How many moles of NaOH or HCl should be added to 1.00 L of 0.0192 mol L−1 HF(aq) to produce a solution with a pH of 3.70 ? Assume the temperature is 25 °C. For HF, pKa = 3.18 at 25 °C.For the moles of NaOH or HCl added, enter a number accurate to 3 significant figures. To produce a solution of the desired pH:    Add   moles of Click for List  .

To solve this problem, we need to use the Henderson-Hasselbalch equation, which is pH = pKa + log([A-]/[HA]). In this case, HF is the weak acid (HA) and F- is its conjugate base (A-).

Step 1: Calculate the initial moles of HF The initial concentration of HF is given as 0.0192 mol/L. Since the volume is 1.00 L, the initial moles of HF is 0.0192 mol * 1.00 L = 0.0192 mol.

Step 2: Use the Henderson-Hasselbalch equation to find the ratio of [A-]/[HA] We know that pH = pKa + log([A-]/[HA]). We can rearrange this to find [A-]/[HA] = 10^(pH - pKa) = 10^(3.70 - 3.18) = 3.311.

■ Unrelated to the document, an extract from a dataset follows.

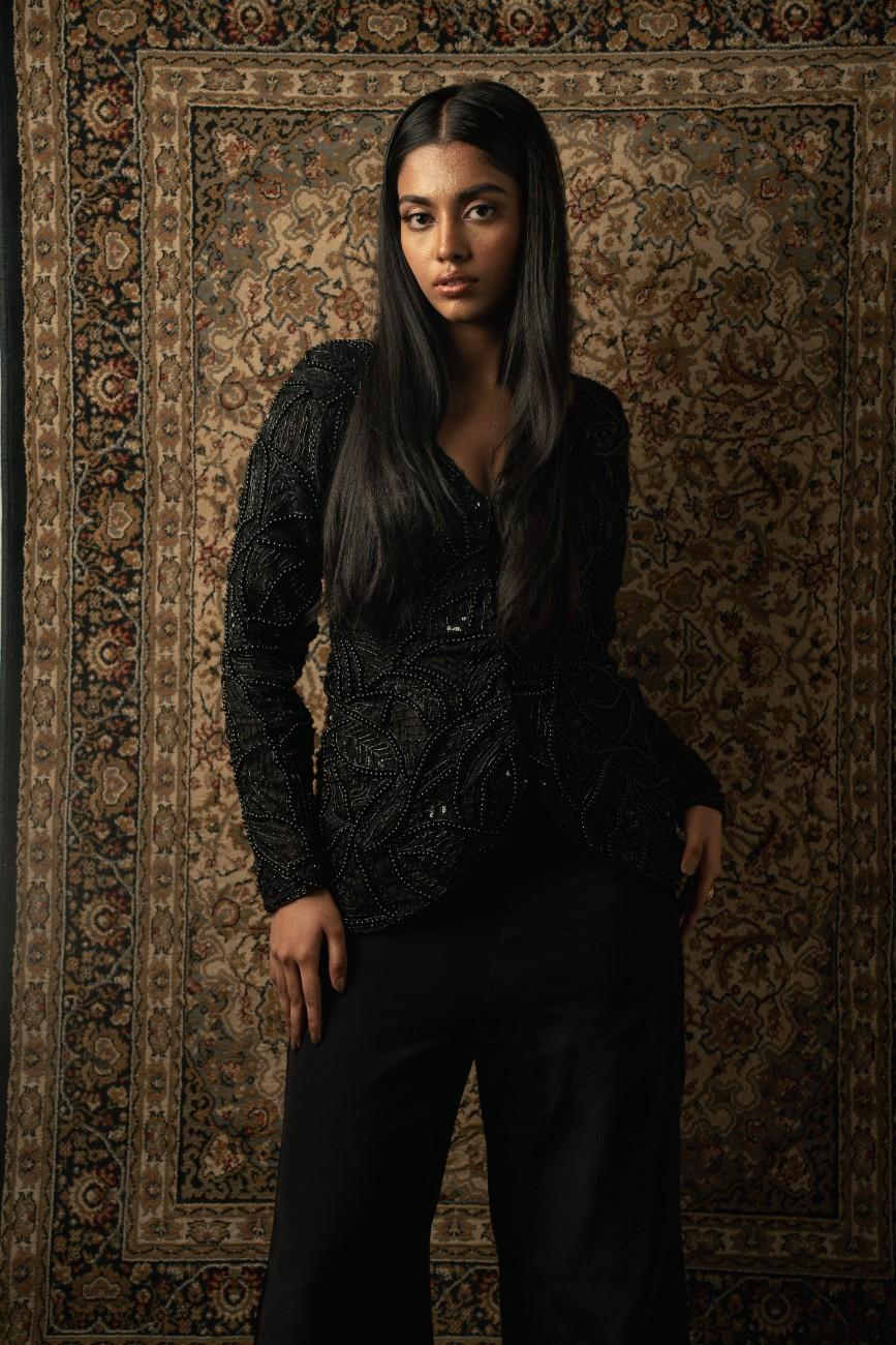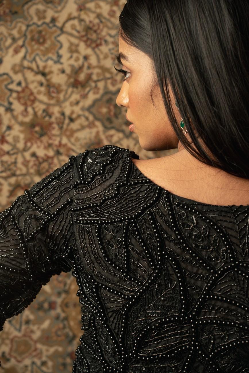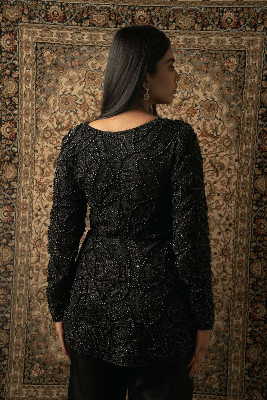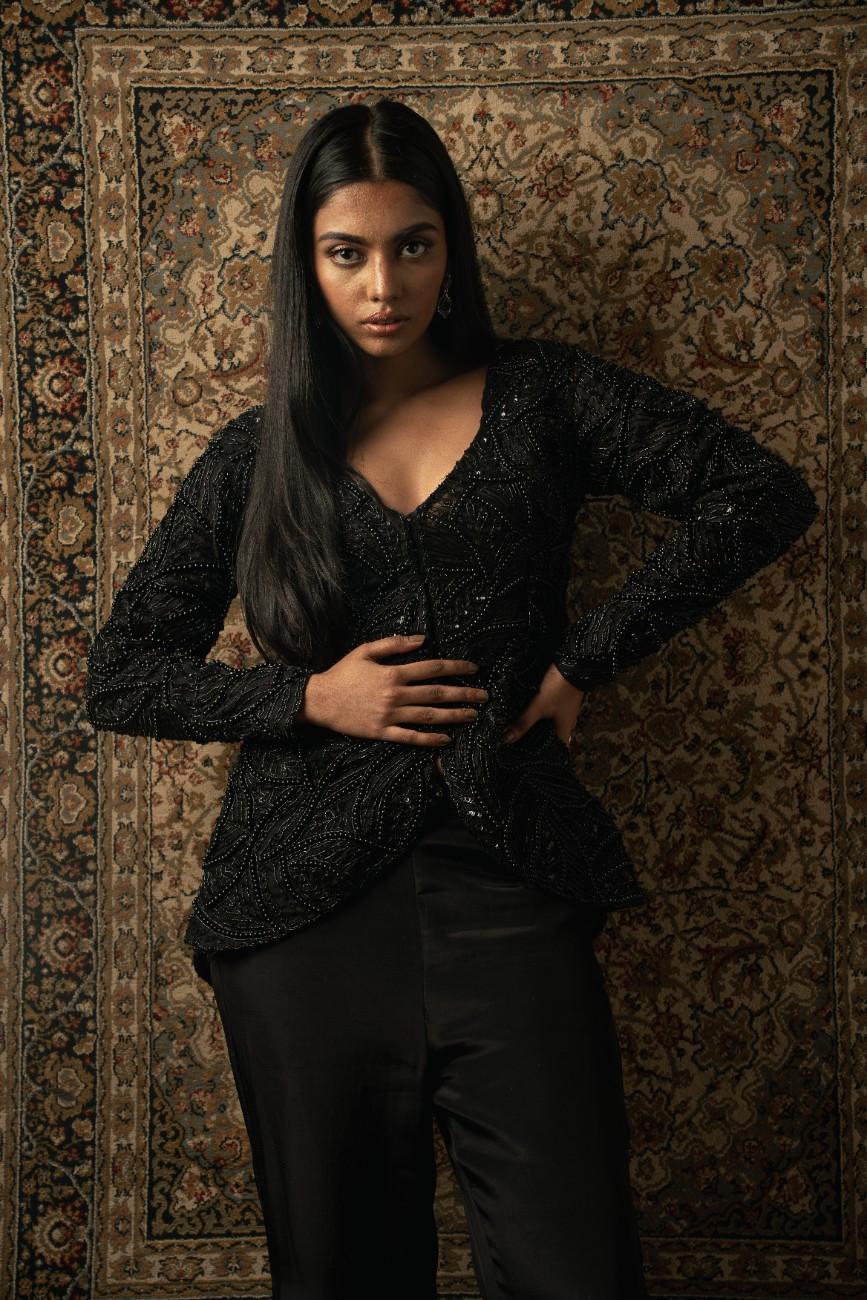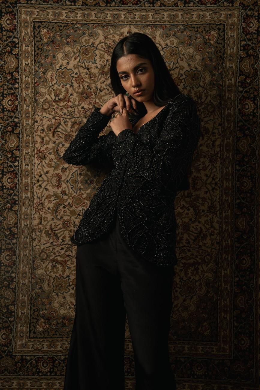 This decadent black pant set embodies unparalleled craftsmanship, showcasing meticulous attention to detail. The top, crafted from luxurious organza, features intricate bead embroidery that adds an element of sophistication and allure. Paired with silk pants adorned with beautiful embroidery, the ensemble exudes opulence and elegance. Each stitch is a testament to exquisite artistry, making this ensemble a standout choice for any special occasion or formal event.

Step 3: Calculate the moles of A- and HA needed We know that the ratio of [A-]/[HA] is 3.311. This means that for every 1 mole of HA, we need 3.311 moles of A-. Since we initially have 0.0192 mol of HA, we need 0.0192 mol * 3.311 = 0.0636 mol of A-.

Step 4: Determine the moles of NaOH or HCl needed To increase the amount of A-, we can add NaOH. The reaction is HF + NaOH -> NaF + H2O. From this, we can see that 1 mole of NaOH will produce 1 mole of F-. Therefore, we need to add 0.0636 mol of NaOH.

To decrease the amount of HA, we can add HCl. The reaction is HF + HCl -> H2O + NaCl. From this, we can see that 1 mole of HCl will remove 1 mole of HF. Therefore, we need to add 0.0636 mol of HCl.

So, to produce a solution with a pH of 3.70, we need to add 0.0636 moles of NaOH or HCl.